When the Olympics arrive in town, organising officials are going to try to persuade you to arrive at the stadium via West Ham station. Don't listen to them. They need to spread the spectator load over across many stations as possible, so well-connected West Ham's a major part of the 2012 transport plan. According to some wildly optimistic forecast, as many as 18% of spectators are expected to enter the park this way. But gullible attendees expecting a nice short stroll to the Olympic Park are in for an unpleasant surprise. It's more than a mile from West Ham station to the Olympic Stadium, and the intervening walk is via a whiffy Victorian sewer. Don't say I didn't warn you.
There's not a lot that 2012 bosses can do to move West Ham nearer to the stadium, but they are busy attempting to make the intervening walk as pleasant as possible. The path follows the Greenway, the northeastern outfall of London's 150-year-old sewage system, which is already cunningly disguised by having a big broad footpath on top. Not the loveliest of footpaths, admittedly, more a rough tarmac strip with a featureless edging of bland grass. But a pleasant enough way of getting from Ato B (especially if B is Bow or Beckton), and an ideal cycling route with fine views across surrounding Newham. Functional certainly, but world-class definitely not.
So an upgrade is called for. The plans are to lay two adjacent parallel paths with differing surfaces, one for bikes and one for pedestrians. Materials recycled from building on the site of the Olympic Park will be used, such as bricks, manhole covers, bollards and granite cobbles. Think of these paths as doubling up as some sort of industrial heritage collage. Try not to think of them as the crushed remnants of former businesses destined to be forever trampled underfoot. Whatever, they'll only take up about half of the Greenway's width, leaving plenty of space on either side for transplanted environmental greenspace. We're promised plenty of wildflower meadows along the way, as well as pockets of maple, hawthorn and hazel. It may not be quite so endearingly bland as the current surface, but it should give trudging Olympic spectators something rather lovelier to look at.
And the upgrade is already underway. All along the Greenway from Stratford High Street to West Ham, half of the sewertop carriageway has been fenced off and contractors are busy removing the grass and other vegetation. Some of the plants will be harder to remove than others. Printed signs attached to orange netting reveal several clusters of Japanese knotweed along the railings, and there's also a big clump of offensive giant hogweed close to the sewage pumping station. Best they're removed before they strangle any future planting, and before any Japanese tourists pass by in 2012 with a disapproving look. There's quite a lot of stripping still to go, and then presumably the other half of the carriageway will have to receive the same treatment.
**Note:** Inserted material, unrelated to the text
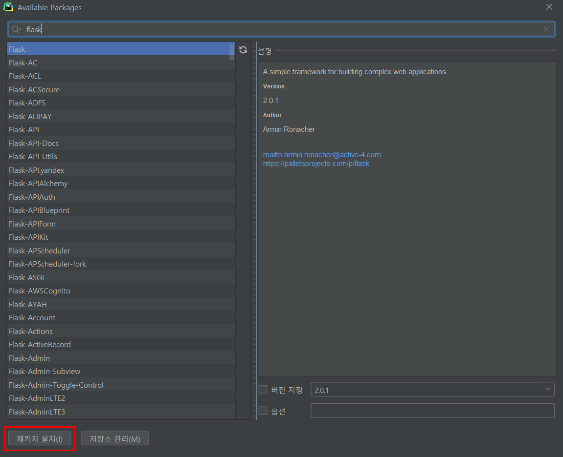 파이참에서 Flask를 임포트 해주면 끝이야.
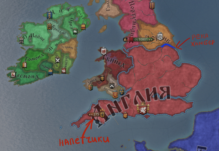 Плюс в отличие от континентальной Европы, в Англии к тому времени почти не строили замков, в то время как Франция, например, была вся ими утыкана. И наконец, постоянного флота у Англии к тому моменту не было совсем. 24 года правления Эдуарда были достаточно спокойными, викинги занятые разборками в Скандинавии не нападали, и флот распустили. Англичане вообще удивительно долго пренебрегали флотом и такая очевидная для нас вещь как регулярный английский флот вообще появится достаточно поздно - только в конце пятнадцатого века, после войны Алой и Белой розы.

It seems strange seeing workmen and portakabins on the Greenway, so long a forgotten backwater track used by not many to get nowhere special. And it's a shame to see the path's previous infrastructure uprooted and discarded in an undignified heap [photo]. The Greenway's signposts used to be chunky vandalproof ironwork with all the names carved out in holey lettering. This wouldn't have passed muster in any design competition, but it was bold and resilient, and above all very green. Maybe they'll carve up all the old signs and benches and then recycle recognisable chunks amongst the new footpath, but somehow I doubt it. At least the replacement signs appear to have a bit of character about them too, whenever they finally appear.
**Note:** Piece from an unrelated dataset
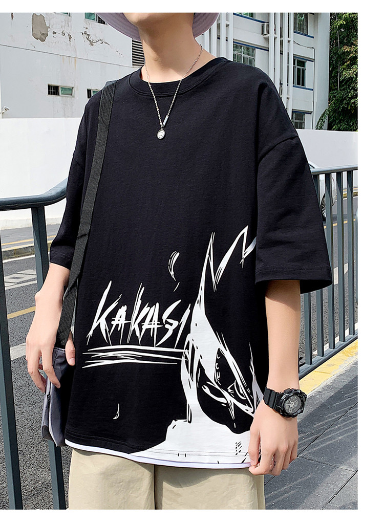 純棉舒適】夏季新款男士圓領短袖時尚火影印花半袖T恤

Nobody would be spending any money on the Greenway were it not for the Olympics and the need to funnel spectators securely to and from distant transport links. Indeed, anybody living down at the Plaistow or Beckton end of the Greenway will see no difference whatsoever for the foreseeable future because that's not an Olympic priority. But I'm hopeful that the end result from West Ham northwards will be rather lovelier, not least because it'll considerably enhance my regular walk from home to BestMate's house.
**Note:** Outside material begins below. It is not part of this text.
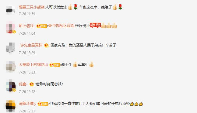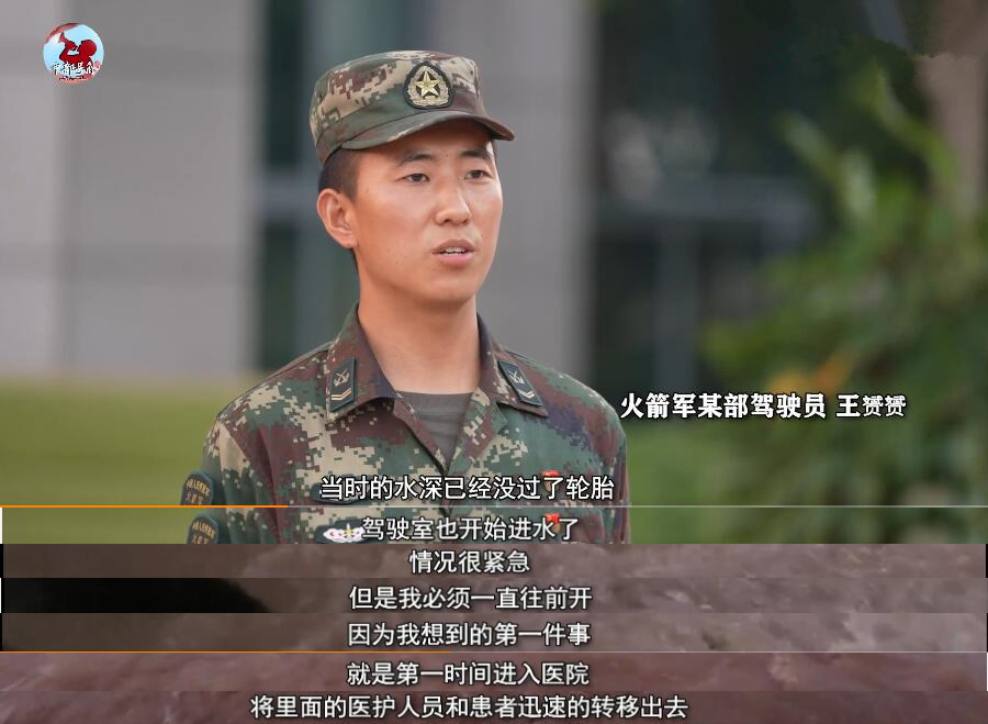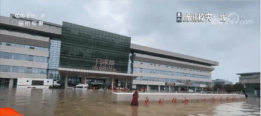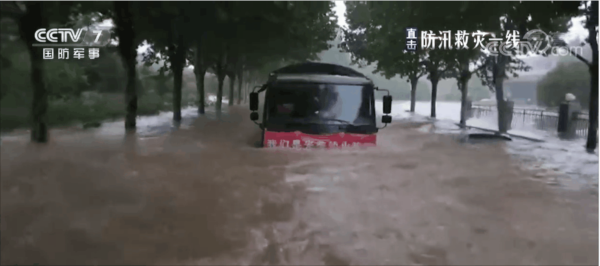 视频中,洪水漫至车窗,军车仍然坚定前行,车身上的横幅上写着“危难时刻见忠诚”,这辆军车正是第一辆到达郑州阜外华中心血管病医院的救援车辆。

Just don't any of you lot make an inadvertent visit to the upgraded scenic Greenway during the 2012 Games, else you'll face a surprisingly lengthy walk to get from the station to the perimeter of the Park. The wild flowers will be pretty, but the trudge to your security friskdown may be interminable. Remember to travel to the Olympics via Stratford, never via West Ham. You'll thank me for that piece of advice one day.